BEGIN
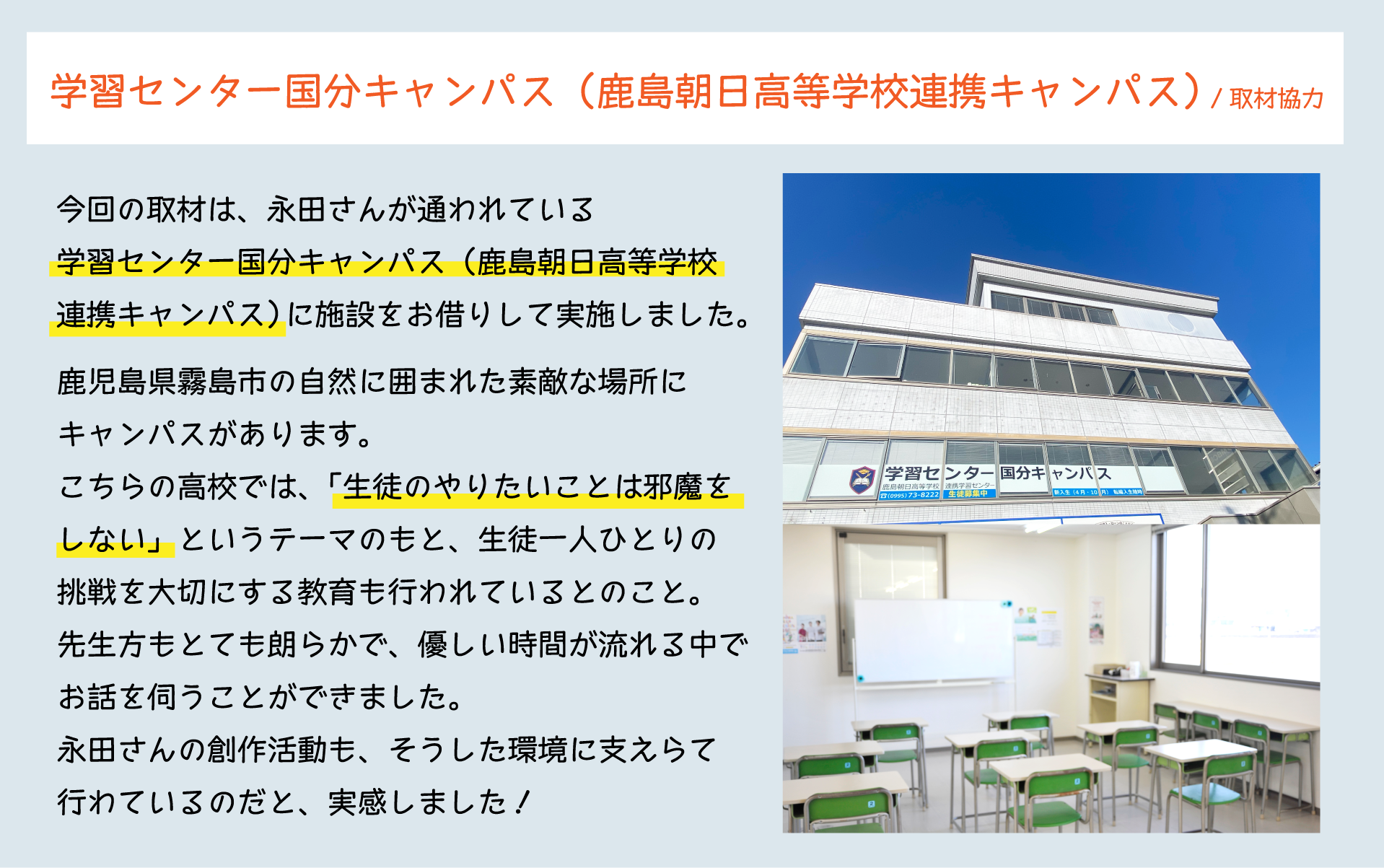 今回は、永田さんが学ばれている鹿児島県霧島市にある、学習センター国分キャンパス(鹿島朝日高等学校連携キャンパス)にご協力をいただき、校内にてインタビューを行わせていただきました。
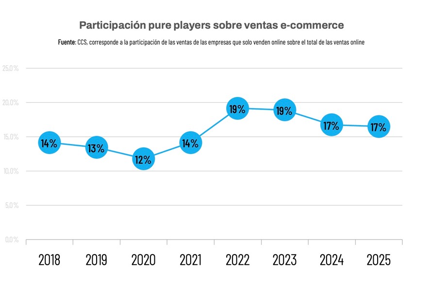 En cuanto a los pure players o actores que se dedican exclusivamente a la venta online (sin tiendas físicas), a partir de cifras del SII estimamos que actualmente suman alrededor de 17 mil empresas, con ventas por más de US$ 1.600 millones y una participación del 17% sobre el total.
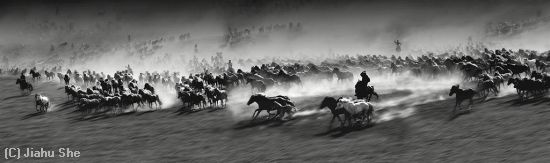 "Ten Thousand Steeds Gallop Bw"
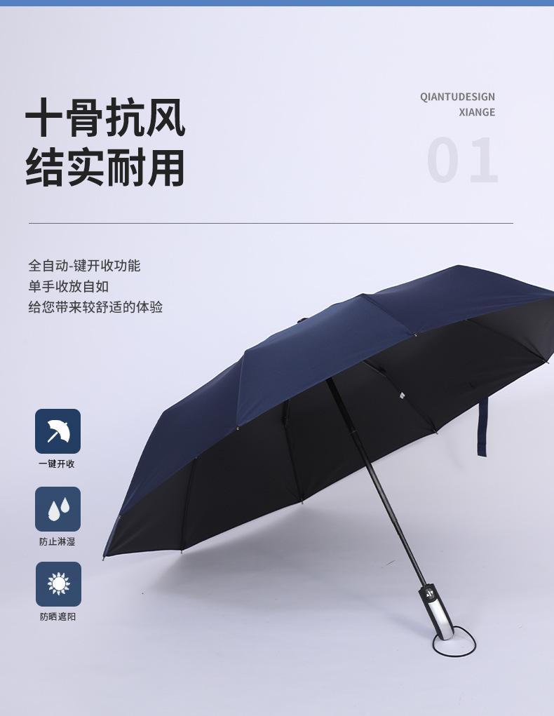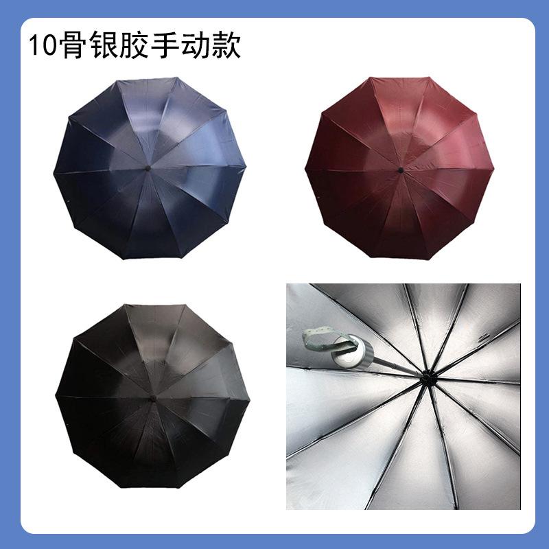 Compra Paraguas automático de diez hojas para lluvia, con pegamento negro y protección solar, paraguas plegable de tres hojas con impresión de logotipo publicitario. al por mayor en Joom.pro
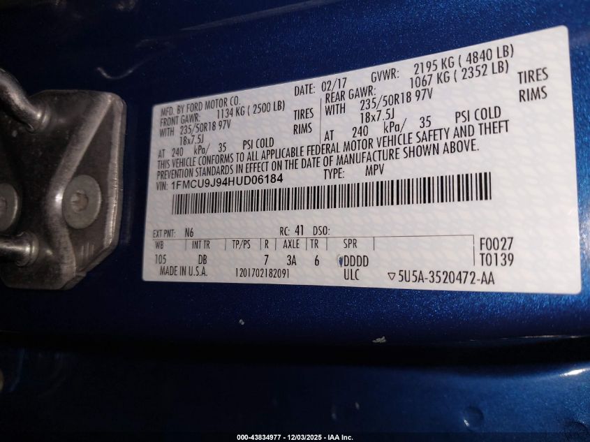 2017 FORD ESCAPE 2017 року Бензин, 2.0, Полный привод, vin - 1FMCU9J94HUD06184 из США
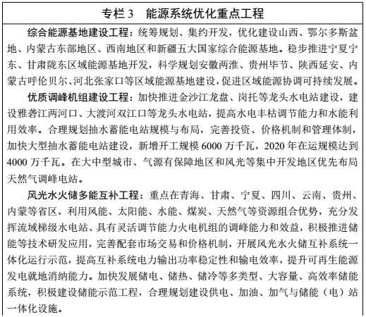加強電力系統調峰能力建設。 加快大型抽水蓄能電站、龍頭水電站、 天然氣調峰電站等優質調峰電源建設, 加大既有熱電聯產機組、 燃煤發電機組調峰靈活性改造力度, 改善電力系統調峰性能, 減少冗余裝機和運行成本, 提高可再生能源消納能力。 積極開展儲能示范工程建設, 推動儲能系統與新能源、 電力系統協調優化運行。 推進電力系統運行模式變革, 實施節能低碳調度機制, 加快電力現貨市場及電力輔助服務市場建設, 合理補償電力調峰成本。
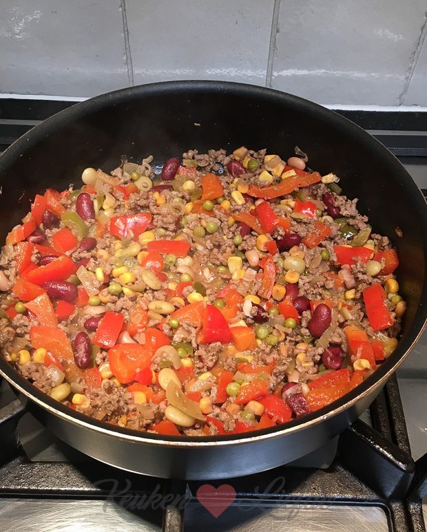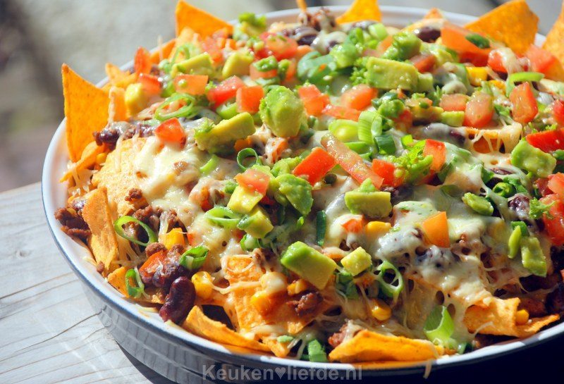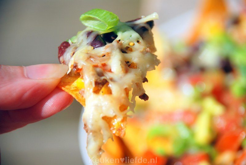 Als El op bed ligt eten Johan en ik met het bord op schoot voor de tv: loaded nachos! Dit onderstaande recept:
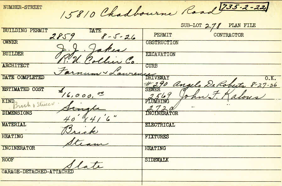 15810 Chadbourne Road Shaker Heights, OH 44120 PARCEL ID: 735-02-022 Building Permit Date: 08-05-1926 Plan File Number: 0 Owner: Jakes, J. J. Builder: R. U. Collier Company Architect: Farnam, Daniel and Lawrence, Ralph E. Estimated Cost: 16000 Kind: Single, Single Residence or Dwelling Material: Brick Heating: Steam Roof: Slate |
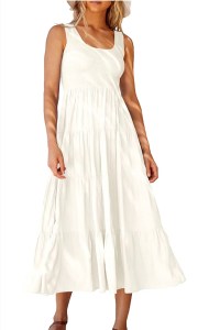 This ANRABESS Women’s Summer Sleevelesss Smocked Sundress is perfect for the look! You can wear it with the sweater above or throw the button down over top. Add your sandals & you’re ready to go!
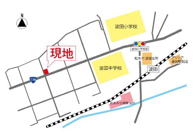 波田駅から700mほど国道158号を西へ進んだ場所。
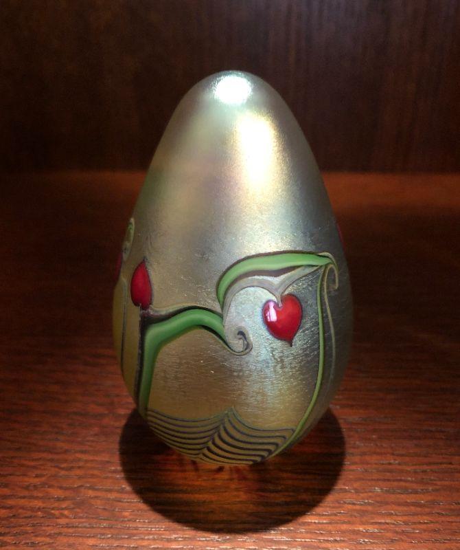 Egg shaped Orient & Flume Paperweight with a hanging hearts design. 4” x 2.25”
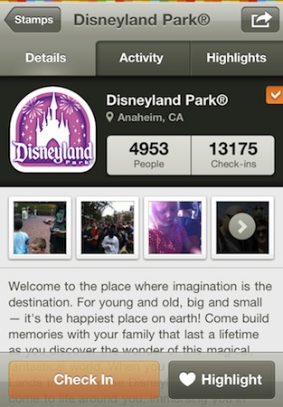 Disney has yet to offer an official mobile app for anyone other than Verizon customers (*corrected, see comment), though it has partnered with Gowalla as its official check-in app.
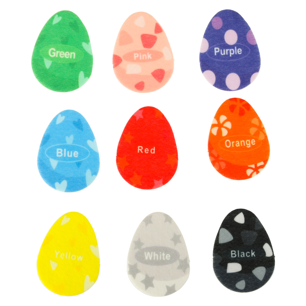 - Elementy do przyczepiania na rzepy: jajka z różnymi kolorami
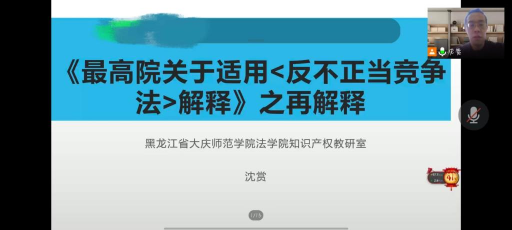 bv1946伟德联合市社科联及市法学会开展“知识产权宣传周”活动之学术讲座,讲座由bv1946伟德副教授沈赏老师就“最高院关于适用< 反不正当竞争法>解释之再解释”问题在腾讯会议平台主讲,讲座由bv1946伟德章辉教授主持。bv1946伟德师生、大庆市法学会、大庆市社科联等单位也参加了本次讲座活动。
END
WHAT IS BEING ASKED: All of the listing should be transcribed exactly, but none of its images.

REPLY:
 今回は、永田さんが学ばれている鹿児島県霧島市にある、学習センター国分キャンパス(鹿島朝日高等学校連携キャンパス)にご協力をいただき、校内にてインタビューを行わせていただきました。
 En cuanto a los pure players o actores que se dedican exclusivamente a la venta online (sin tiendas físicas), a partir de cifras del SII estimamos que actualmente suman alrededor de 17 mil empresas, con ventas por más de US$ 1.600 millones y una participación del 17% sobre el total.
 "Ten Thousand Steeds Gallop Bw"
 Compra Paraguas automático de diez hojas para lluvia, con pegamento negro y protección solar, paraguas plegable de tres hojas con impresión de logotipo publicitario. al por mayor en Joom.pro
 2017 FORD ESCAPE 2017 року Бензин, 2.0, Полный привод, vin - 1FMCU9J94HUD06184 из США
加強電力系統調峰能力建設。 加快大型抽水蓄能電站、龍頭水電站、 天然氣調峰電站等優質調峰電源建設, 加大既有熱電聯產機組、 燃煤發電機組調峰靈活性改造力度, 改善電力系統調峰性能, 減少冗余裝機和運行成本, 提高可再生能源消納能力。 積極開展儲能示范工程建設, 推動儲能系統與新能源、 電力系統協調優化運行。 推進電力系統運行模式變革, 實施節能低碳調度機制, 加快電力現貨市場及電力輔助服務市場建設, 合理補償電力調峰成本。
 Als El op bed ligt eten Johan en ik met het bord op schoot voor de tv: loaded nachos! Dit onderstaande recept:
 15810 Chadbourne Road Shaker Heights, OH 44120 PARCEL ID: 735-02-022 Building Permit Date: 08-05-1926 Plan File Number: 0 Owner: Jakes, J. J. Builder: R. U. Collier Company Architect: Farnam, Daniel and Lawrence, Ralph E. Estimated Cost: 16000 Kind: Single, Single Residence or Dwelling Material: Brick Heating: Steam Roof: Slate |
 This ANRABESS Women’s Summer Sleevelesss Smocked Sundress is perfect for the look! You can wear it with the sweater above or throw the button down over top. Add your sandals & you’re ready to go!
 波田駅から700mほど国道158号を西へ進んだ場所。
 Egg shaped Orient & Flume Paperweight with a hanging hearts design. 4” x 2.25”
 Disney has yet to offer an official mobile app for anyone other than Verizon customers (*corrected, see comment), though it has partnered with Gowalla as its official check-in app.
 - Elementy do przyczepiania na rzepy: jajka z różnymi kolorami
 bv1946伟德联合市社科联及市法学会开展“知识产权宣传周”活动之学术讲座,讲座由bv1946伟德副教授沈赏老师就“最高院关于适用< 反不正当竞争法>解释之再解释”问题在腾讯会议平台主讲,讲座由bv1946伟德章辉教授主持。bv1946伟德师生、大庆市法学会、大庆市社科联等单位也参加了本次讲座活动。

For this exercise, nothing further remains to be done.